The above types provide i/o in blocks and in individual characters,
and in lines for character buffers. They should be used as the last
component of a stack.

BYTE_FILTER - defines how a sequence of bytes is transformed to
   another sequence of bytes, by providing a function which transforms
   a block at a time; it consumes some part of input, produces some
   part of output, and tells whether it stopped because it wants more
   input or because it wants more room in output; throws exception
   on errors
CHAR_FILTER - analogously, but for characters
ENCODER - analogously, but transforms characters into bytes
DECODER - analogously, but transforms bytes into characters

The above are only auxiliary types which just do the conversion on a
block, not streams.

BYTE_INPUT_FILTER - a byte input which uses another byte input and
   applies a byte filter to each block read
CHAR_INPUT_FILTER - a char input which uses another char input and
   applies a char filter to each block read
INPUT_DECODER - a char input which uses a byte input and applies
   a decoder to each block read

The above types support i/o in blocks only.

BYTE_OUTPUT_FILTER, CHAR_OUTPUT_FILTER, OUTPUT_ENCODER -
   analogously, but for output

ENCODING - a supertype whic denotes an encoding in an abstract way.
   STRING is one of its subtypes (would be "instance" in Haskell)
   which currently means iconv-implemented encoding. There are also
   singleton types for important encodings implemented directly.
   There is a function which yields a new (stateful) encoder from an
   encoding, and another which yields a decoder, but encoding is what
   is used as an optional argument to the function which opens a file
   or converts between a standalone string and byte array.

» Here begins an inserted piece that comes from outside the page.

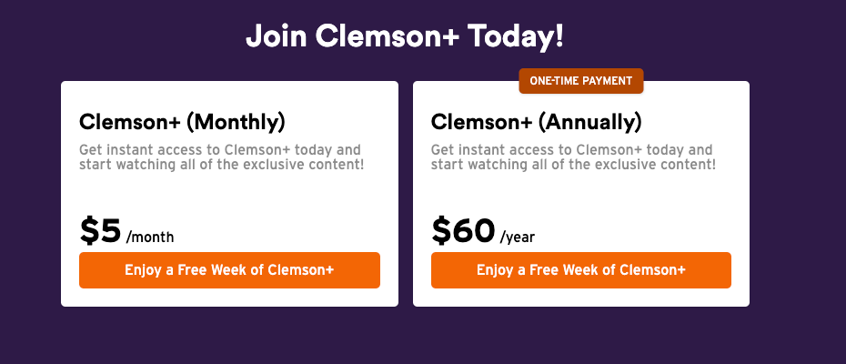 Let’s pretend I’m a diehard Clemson football fan. I love it. The games, the giant paw print on everything, how orange everything is. I graduated, I’m doing well in my career, and I come back for homecoming. As part of the 189,000 alumni, I feel a connection. I want to know what’s going on when I want to. That’s why I happily pay $60 a year to get complete awareness of what is happening in our program—all original content, all the time.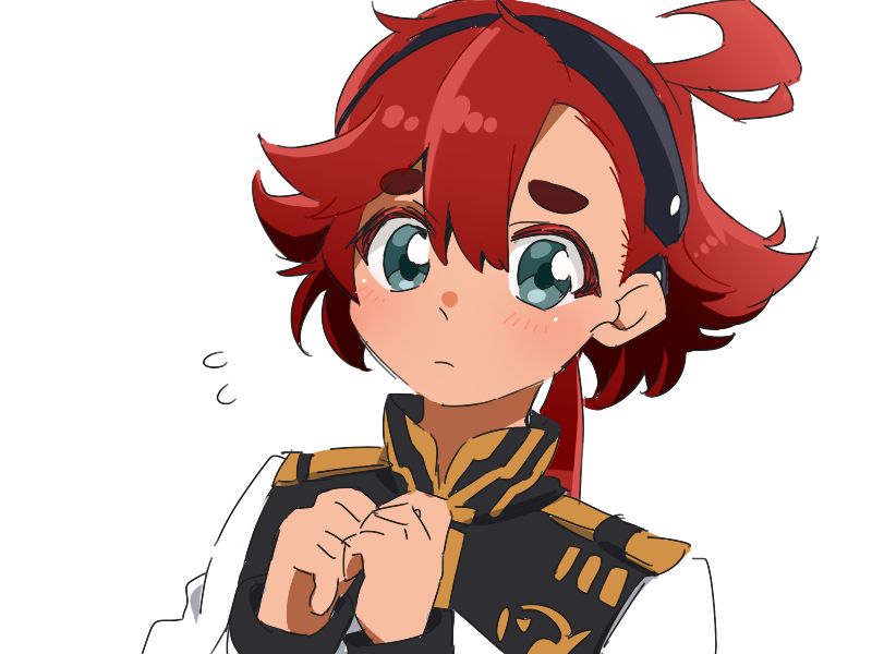 1girl ahoge amaiwashi black_hairband blue_eyes commentary_request gundam gundam_suisei_no_majo hairband long_hair looking_at_viewer low_ponytail partial_commentary ponytail red_hair simple_background solo suletta_mercury upper_body white_background

REPLACE_CODING_ERRORS - transforms an encoding to a related encoding
   which substitutes U+FFFD on decoding, and '?' on encoding, instead
   of throwing an exception on error.

A similar transformer which e.g. produces &#12345; for unencodable
characters could be written too (not implemented yet).

COPYING_FILTER - filter which dumps data passed through it to another
   output stream
APPEND_INPUT - concatenates several input streams into one
NULL_OUTPUT - /dev/null

The above types come in BYTE and CHAR flavors.

FLUSHING_OTHER - a byte input which reads data from another byte
   input, but flushes some specified output stream before each input
   operation; it's used on the *bottom* of stdin stack and flushes the
   *top* of stdout stack, so alternating input and output on
   stdin/stdout comes in the right order even if partial lines are
   output and without explicit flushing

RAW_FILE - a byte input and output at the same time, a direct
   interface to the OS

Some functions and other values:

TextReader - transforms a byte input to a character input by stacking
   a decoder (for the specified or default encoding), a filter for
   newlines (not implemented yet), and char input buffer (with the
   specified or default buffer size)
TextWriter - analogously, for output

OpenRawFile, CreateRawFile - opens a raw file handle, has various
   options (read, write, create, truncate, exclusive, append, mode).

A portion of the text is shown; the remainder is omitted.